New buffer zone law heads to House
BOSTON — With Senate approval of a bill designed to tighten security around abortion clinics now done, the measure moves on to the House, where Rep. Denise Andrews, D-Orange, also testified Wednesday before the Joint Committee on the Judiciary.
The proposal, given a Senate hearing Wednesday before being approved on a voice vote, is a response to the recent Supreme Court ruling striking down a 2007 Massachusetts law that established protest-free 35-foot “buffer zones” around the entrances of abortion clinics.
The unanimous decision deemed the law a restraint on the free-speech rights of anti-abortion protesters.
The bill would let police disperse groups substantially impeding access to abortion clinics. After a dispersal order is issued in writing, those individuals would have to stay at least 25 feet from the clinic’s entrances for up to eight hours.
The 25-foot boundary would have to be clearly marked and the new regulations must be posted.
The bill also prohibits anyone from intentionally injuring or intimidating — or attempting to injure or intimidate — any individual entering or leaving a facility using force or the threat of force. It would also ban anyone from impeding a vehicle’s access to a facility.
Senate President Therese Murray said the bill “will restore the basic rights that all women are entitled to when it comes to how they take care of their health” while meeting the concerns of the court.
Sen. Benjamin B. Downing, D-Pittsfield, a co-sponsor of the legislation, said, “This bill takes a responsible approach addressing the concerns of the Court. It carefully balances public safety and access considerations with free speech in mind.”
Senate Majority Leader Stanley Rosenberg, D-Amherst, added, “The Senate believes that a woman’s right to access health care without fear of intimidation is sacred. My colleagues and I believe that the overwhelming majority of Massachusetts citizens believe that, too. This bill would re-establish that closely held belief with a foundation in law.”

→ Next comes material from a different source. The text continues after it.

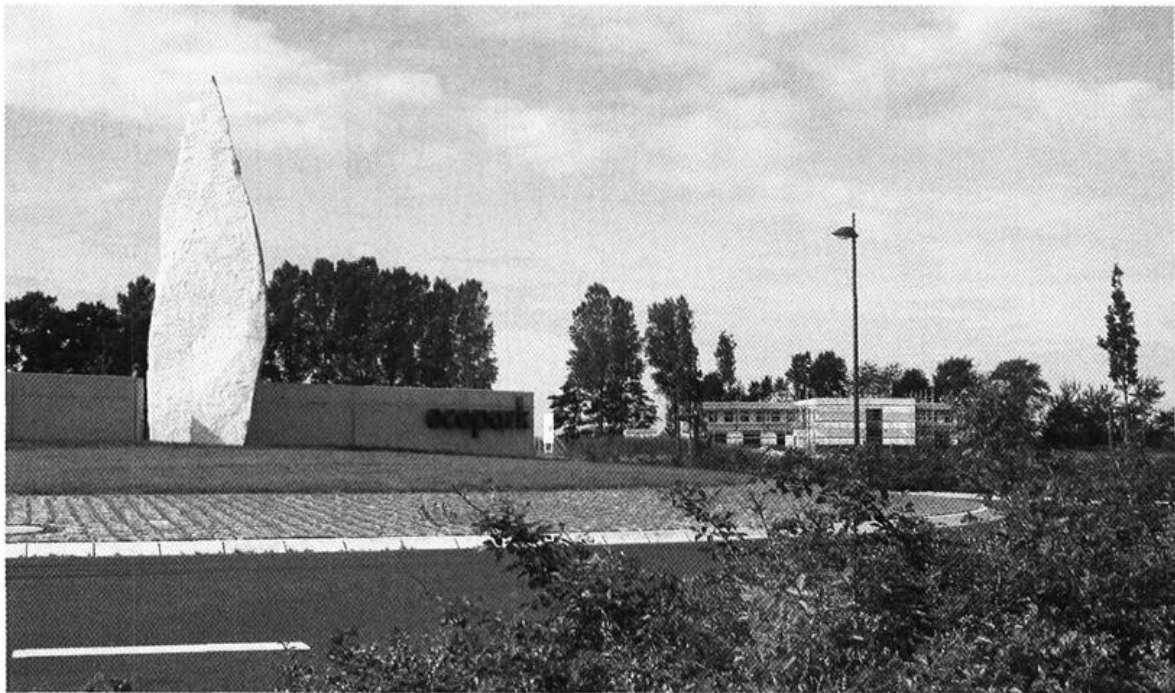
„ecopark“ in Drantum, Gemeinde Emstek

Eleanor McCullen, who successfully challenged the old buffer zone law, said she would head back to court if the new bill becomes law. She describes herself as a sidewalk counselor who seeks to talk with women one-on-one outside the clinics to persuade them against seeking an abortion.
“She’s about to go in and destroy her child,” McCullen said at Wednesday’s hearing. “This is a life-changing decision and I am there to say ‘good morning, how can I help you?’”
After the hearing, McCullen said the bill could be used to again block the first amendment rights of those outside the clinics.
The bill’s supporters, including Attorney General Martha Coakley, said the legislation is needed to protect the safety of women entering clinics and the free speech rights of protesters.
Testifying at the same hearing, Coakley said the bill addresses behavior, not speech.
“We should have these tools ready that will be used only when behavior crosses the line,” she said.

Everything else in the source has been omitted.